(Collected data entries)
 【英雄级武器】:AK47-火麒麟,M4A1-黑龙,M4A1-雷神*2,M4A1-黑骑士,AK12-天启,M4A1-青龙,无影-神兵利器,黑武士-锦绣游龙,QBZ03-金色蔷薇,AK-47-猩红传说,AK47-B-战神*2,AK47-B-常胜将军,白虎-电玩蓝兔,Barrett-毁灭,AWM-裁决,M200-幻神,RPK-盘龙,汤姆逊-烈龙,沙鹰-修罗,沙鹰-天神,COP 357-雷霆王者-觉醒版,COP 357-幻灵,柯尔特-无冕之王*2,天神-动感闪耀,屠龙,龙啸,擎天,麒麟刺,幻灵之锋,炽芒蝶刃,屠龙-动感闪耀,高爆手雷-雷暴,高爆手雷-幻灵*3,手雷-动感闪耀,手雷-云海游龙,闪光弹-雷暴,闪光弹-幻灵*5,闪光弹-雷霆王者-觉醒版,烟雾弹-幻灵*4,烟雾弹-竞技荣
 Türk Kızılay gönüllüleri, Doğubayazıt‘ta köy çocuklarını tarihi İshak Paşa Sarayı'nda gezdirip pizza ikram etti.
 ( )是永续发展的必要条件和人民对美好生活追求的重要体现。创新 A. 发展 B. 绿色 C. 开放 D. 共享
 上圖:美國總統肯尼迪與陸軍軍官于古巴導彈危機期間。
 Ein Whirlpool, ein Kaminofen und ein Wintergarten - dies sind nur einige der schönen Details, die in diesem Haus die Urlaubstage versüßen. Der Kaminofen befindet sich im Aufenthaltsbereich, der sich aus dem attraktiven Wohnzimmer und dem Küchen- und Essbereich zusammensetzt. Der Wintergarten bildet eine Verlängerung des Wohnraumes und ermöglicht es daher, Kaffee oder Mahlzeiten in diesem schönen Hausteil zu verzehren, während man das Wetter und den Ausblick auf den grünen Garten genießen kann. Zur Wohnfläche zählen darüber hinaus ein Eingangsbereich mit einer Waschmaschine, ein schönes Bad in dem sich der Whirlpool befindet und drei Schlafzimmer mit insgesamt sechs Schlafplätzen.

* * *

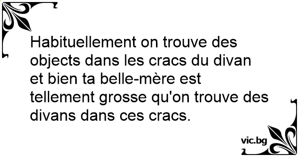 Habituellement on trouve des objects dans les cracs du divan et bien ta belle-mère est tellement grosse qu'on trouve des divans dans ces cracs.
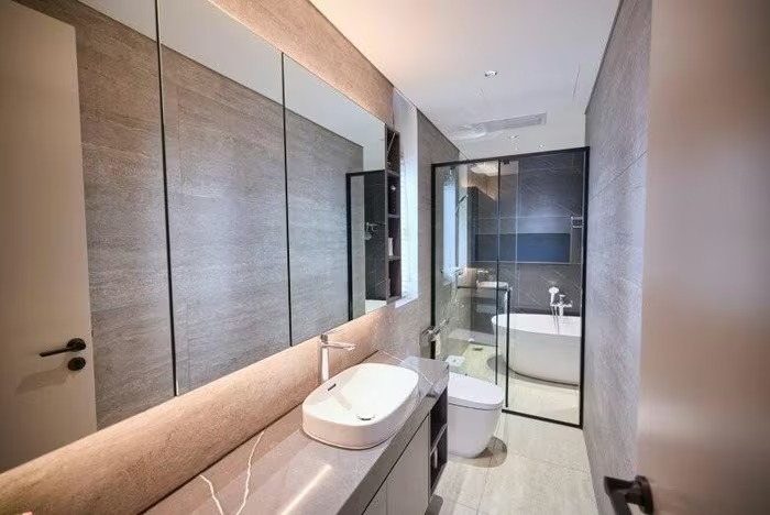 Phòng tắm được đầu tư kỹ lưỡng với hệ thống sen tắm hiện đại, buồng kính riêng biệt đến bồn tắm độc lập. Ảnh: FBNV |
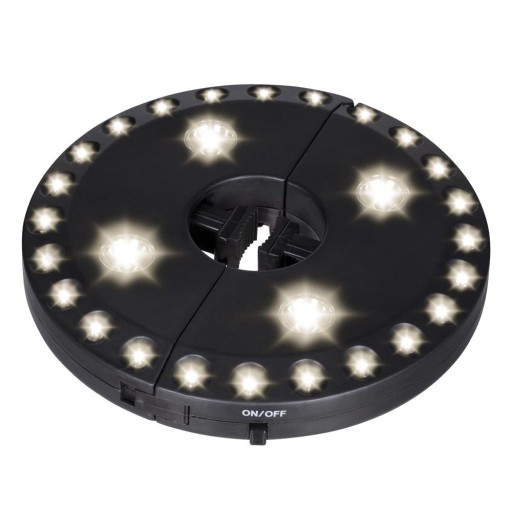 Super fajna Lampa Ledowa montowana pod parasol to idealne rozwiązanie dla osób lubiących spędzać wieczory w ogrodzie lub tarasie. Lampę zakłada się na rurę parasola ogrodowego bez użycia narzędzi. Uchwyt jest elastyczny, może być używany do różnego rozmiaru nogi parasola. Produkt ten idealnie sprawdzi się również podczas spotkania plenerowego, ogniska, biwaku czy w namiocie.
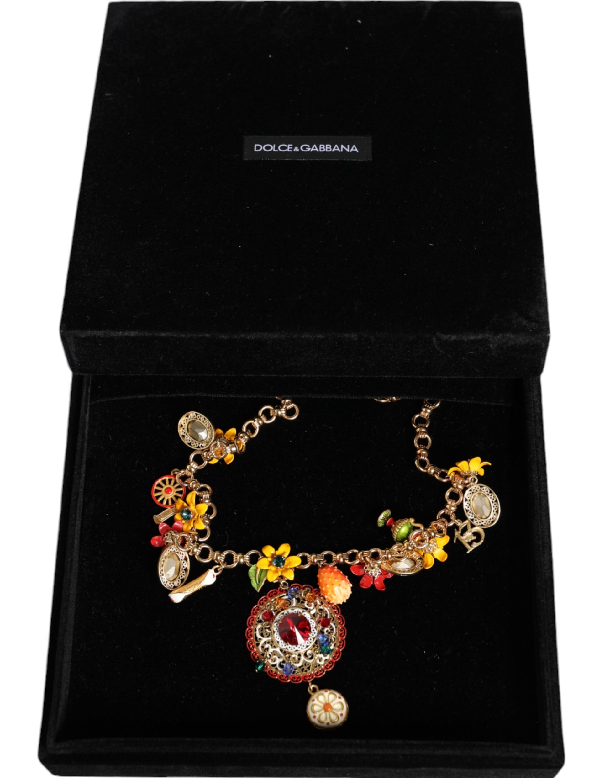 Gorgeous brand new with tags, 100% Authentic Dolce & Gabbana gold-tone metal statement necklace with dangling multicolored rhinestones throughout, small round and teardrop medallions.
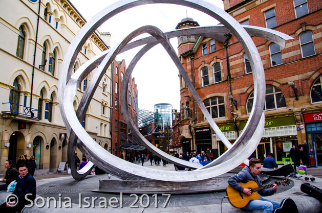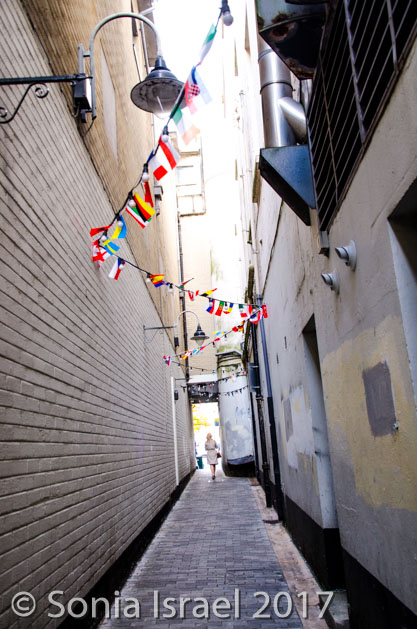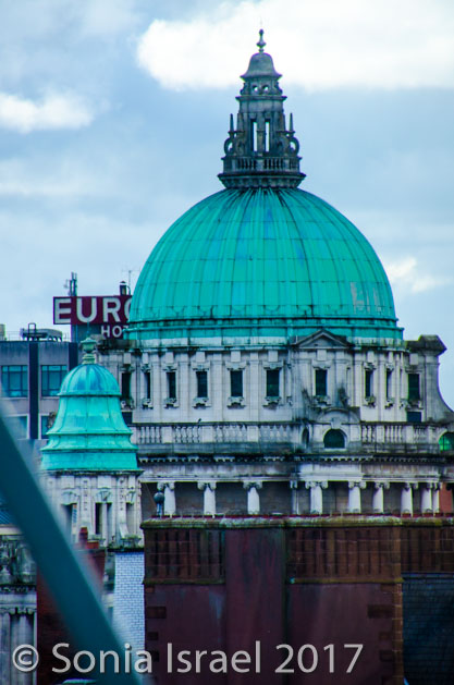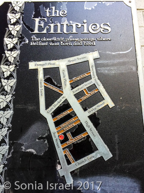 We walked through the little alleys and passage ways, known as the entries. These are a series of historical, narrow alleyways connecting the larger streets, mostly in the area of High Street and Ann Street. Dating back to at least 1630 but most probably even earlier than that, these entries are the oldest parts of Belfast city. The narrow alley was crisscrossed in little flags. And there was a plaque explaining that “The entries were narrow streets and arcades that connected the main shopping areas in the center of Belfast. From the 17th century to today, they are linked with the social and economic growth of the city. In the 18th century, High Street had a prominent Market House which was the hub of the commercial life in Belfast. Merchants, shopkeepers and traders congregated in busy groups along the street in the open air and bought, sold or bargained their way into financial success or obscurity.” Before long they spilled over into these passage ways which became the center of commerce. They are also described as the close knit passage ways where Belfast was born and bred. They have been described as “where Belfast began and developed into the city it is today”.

[PROBLEM TO SOLVE]: Look above for the line with "Habituellement on trouve" and the line with "Gorgeous brand new". Give again exactly those two lines and all lines between them, pictures excluded.

[SOLUTION TO THIS TASK]:
 Habituellement on trouve des objects dans les cracs du divan et bien ta belle-mère est tellement grosse qu'on trouve des divans dans ces cracs.
 Phòng tắm được đầu tư kỹ lưỡng với hệ thống sen tắm hiện đại, buồng kính riêng biệt đến bồn tắm độc lập. Ảnh: FBNV |
 Super fajna Lampa Ledowa montowana pod parasol to idealne rozwiązanie dla osób lubiących spędzać wieczory w ogrodzie lub tarasie. Lampę zakłada się na rurę parasola ogrodowego bez użycia narzędzi. Uchwyt jest elastyczny, może być używany do różnego rozmiaru nogi parasola. Produkt ten idealnie sprawdzi się również podczas spotkania plenerowego, ogniska, biwaku czy w namiocie.
 Gorgeous brand new with tags, 100% Authentic Dolce & Gabbana gold-tone metal statement necklace with dangling multicolored rhinestones throughout, small round and teardrop medallions.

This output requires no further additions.